Elle explique ce phénomène par le fait que les hirondelles peuvent couvrir un rayon de cinq kilomètres autour de leur nid, ce qui les amène à chasser des insectes bien au-delà des pâturages et champs « bio ».
SIX ANS D’ÉTUDES
Pendant six ans, l’équipe de recherche a prélevé des échantillons dans 400 nichoirs aménagés dans des fermes privées de la plaine du Saint-Laurent durant la période de nidification, en avril et mai.
Grâce à de petites portes aménagées sur le côté, les chercheurs pouvaient recueillir des amoncellements d’insectes rapportés par les parents et que les oisillons n’avaient pas avalés.
C’est l’analyse de ces boules d’insectes de la grosseur d’un petit pois qui a permis d’identifier la présence de pesticides.
« Toutes les fermes étaient touchées, mais la concentration de pesticides était supérieure dans les exploitations industrielles », explique le chimiste Jean-Philippe Bellenger, qui a supervisé le travail d’analyse des composés avec un collègue.

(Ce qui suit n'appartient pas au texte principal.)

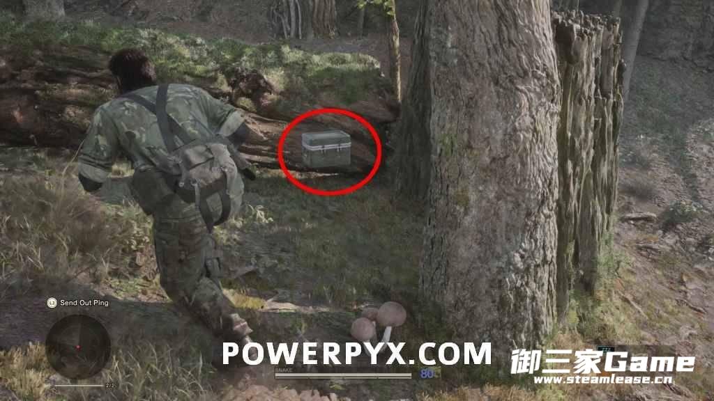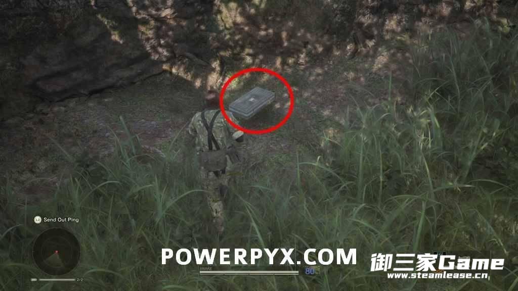 从手榴弹所在位置往右穿过草丛,沿着边缘岩壁走到大树桩后方即可看到。

L’atrazine – un puissant herbicide – et les néonicotinoïdes – une famille d’insecticide surnommée « tueurs d’abeilles » – étaient parmi les produits identifiés.

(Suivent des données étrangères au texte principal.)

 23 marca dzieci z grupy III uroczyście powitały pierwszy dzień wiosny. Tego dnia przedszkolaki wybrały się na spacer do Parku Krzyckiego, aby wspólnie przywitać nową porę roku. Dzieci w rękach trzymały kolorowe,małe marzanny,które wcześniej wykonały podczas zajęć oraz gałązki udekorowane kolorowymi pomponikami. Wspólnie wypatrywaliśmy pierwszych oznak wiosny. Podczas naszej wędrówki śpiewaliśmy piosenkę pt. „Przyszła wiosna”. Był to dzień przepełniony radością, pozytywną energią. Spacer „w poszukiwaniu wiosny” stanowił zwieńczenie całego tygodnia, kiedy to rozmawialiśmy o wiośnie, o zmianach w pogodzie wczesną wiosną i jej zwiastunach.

Le tristement célèbre glyphosate – présent dans le Roundup – n’était quant à lui pas ciblé. Les chercheurs ont toutefois trouvé des traces de caféine et d’acétaminophène.

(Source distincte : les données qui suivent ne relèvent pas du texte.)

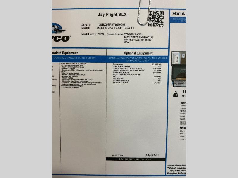 The Jayco Jay Flight SLX travel trailer is quite easy to own because it is lightweight for an easier towing experience. Built on a fully integrated A-frame with galvanized-steel, impact-resistant wheel wells, the Jay Flight SLX has quality at its very foundation. That quality continues on to the electric self-adjusting brakes, easy-lube hubs, Magnum Truss roof system, and LP quick connect. Some of what the mandatory Customer Value Package includes is backup camera prep, Keyed-Alike entry and baggage doors, and an on-demand tankless water heater.

Cela s’explique par le fait que les insectes passent beaucoup de temps dans l’eau en phase larvaire, ce qui leur donne le temps d’accumuler des produits rejetés par les égouts agricoles ou municipaux.
DÉCLIN DES OISEAUX CHAMPÊTRES
L’étude de l’Université de Sherbrooke vient documenter un problème qui inquiète déjà les ornithologistes : le déclin marqué des oiseaux champêtres.
L’hirondelle bicolore, par exemple, a subi une diminution de 81 % des effectifs depuis 1970, selon l’organisme QuébecOiseaux.
« Nous croyons que l’usage de pesticides a un effet sur les populations d’oiseaux. D’une part en diminuant le nombre d’insectes, dont les insectivores se nourrissent. D’autre part en influençant le développement des oisillons. Mais notre étude n’avait pas pour objectif de s’attarder à cette question. Nous souhaitons que d’autres travaux l’examinent. »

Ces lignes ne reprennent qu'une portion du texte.